L'hôpital a récemment obtenu un générateur, mais il ne fonctionne pas encore, alors ils ont dû envoyer quelqu'un pour trouver une source de lumière. Le patient était agité, bougeait sur la table et M. Muitiquile essayait de le calmer afin qu'il puisse lui recoudre la blessure.

Quelques minutes plus tard, une infirmière est revenue avec une lumière – une petite source de lumière. C’était un petit téléphone portable Nokia. M. Muitiquile et l'infirmière ont levé leurs yeux en l'air et se sont mis à rire un peu tristement.

L'attente à l'extérieur de la maternité de l'hôpital de Chokwe. Crédit: Bridget Huber. Publié avec l'autorisation du PRI

L'attente à l'extérieur de la maternité de l'hôpital de Chokwe. Crédit: Bridget Huber. Publié avec l'autorisation du PRI

“Pauvreté! C'est la pauvreté absolue ici”, dit M. Muitiquile.

Le Mozambique est l'un des pays les plus pauvres au monde. Mme Munambo et M. Muitiquile font face à un grand nombre de difficultés matérielles qui n'ont rien à voir avec leur formation. Les radiographies aux rayons X deviennent trop sombres pour la lecture ; les gommages sont rares car ils sont tous lavés à la main.

Devenir technicien chirurgical implique des sacrifices personnels, aussi. M. Muitiquile a quitté sa famille dans la capitale, Maputo, et ne la voit que quelques fois par mois. Mais, assis dans son bureau – dans le noir – il dit que ça vaut le coup.

“Chaque jour, j'aide à soulager la souffrance des gens”, dit M. Muitiquile. C’est [nous] qui sommes dehors, sur le terrain. Nous trouvons des solutions à de vraiment graves problèmes, et nous faisons tout au niveau local “.

Le lendemain matin, Mme. Nilza Munambo se prépare à faire une autre césarienne. La procédure a dû être retardée en raison des pannes d'électricité. Maintenant, la patiente est en travail et elle serre ses orteils à chaque contraction.

La femme a déjà deux enfants et a décidé que celui-ci serait son dernier;  Mme Munambo va la stériliser après l'accouchement.

Mme Munambo fait une coupure dans son abdomen. Il y a d'abord une couche de graisse, puis une couche lisse violacé de muscle – la paroi utérine. Plus tôt que je m'y attendais, Mme Munambo après l'avoir coincé dans sa main et en un seul mouvement, sort un petit être humain visqueux.

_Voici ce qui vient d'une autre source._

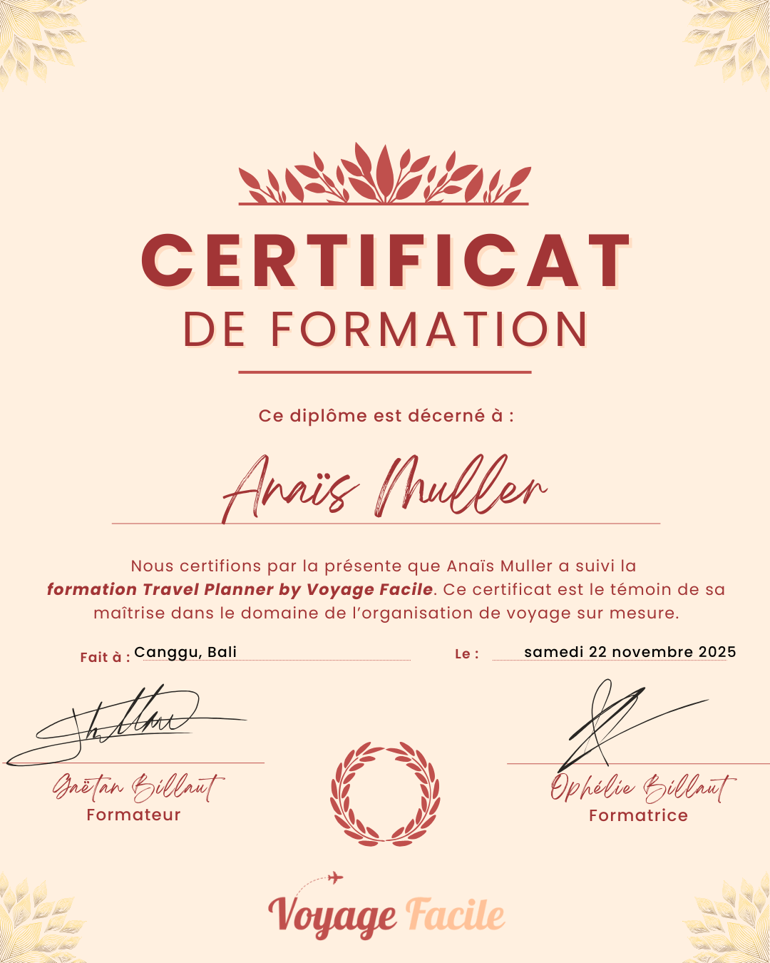 Pour aller plus loin dans cette exigence, j’ai également choisi de me former et d’obtenir ma certification de travel planner.

“Pas même un cri,” dit Munambo.

Mme Nilza Munambo fait naitre un bébé par césarienne. Crédit: Bridget Huber. Publiée avec l'autorisation du PRI

Mme Nilza Munambo fait naitre un bébé par césarienne. Crédit: Bridget Huber. Publiée avec l'autorisation du PRI

Une infirmière a attrapé la nouvelle-née et l'a extraite.

J'étais un peu hébétée et ne me suis réveillée que lorsqu'une giclée de sang m'a survolé la tête, me manquant de justesse.

Pendant que Mme Munambo et l'infirmière terminaient l'opération, je suis allée à la maternité pour voir le bébé. J'ai entendu dire qu'on allait lui donner de l'oxygène. Mais quand je l'ai vue, elle était dans un nid de couvertures blanches, endormie dans les bras de sa grand-mère.

Bienvenue dans ce monde, fillette.

Le reportage de Bridget Huber a été financé par une subvention du Pulitzer Center for Crisis Reporting (Centre Pulitzer pour les reportages en zones de crise).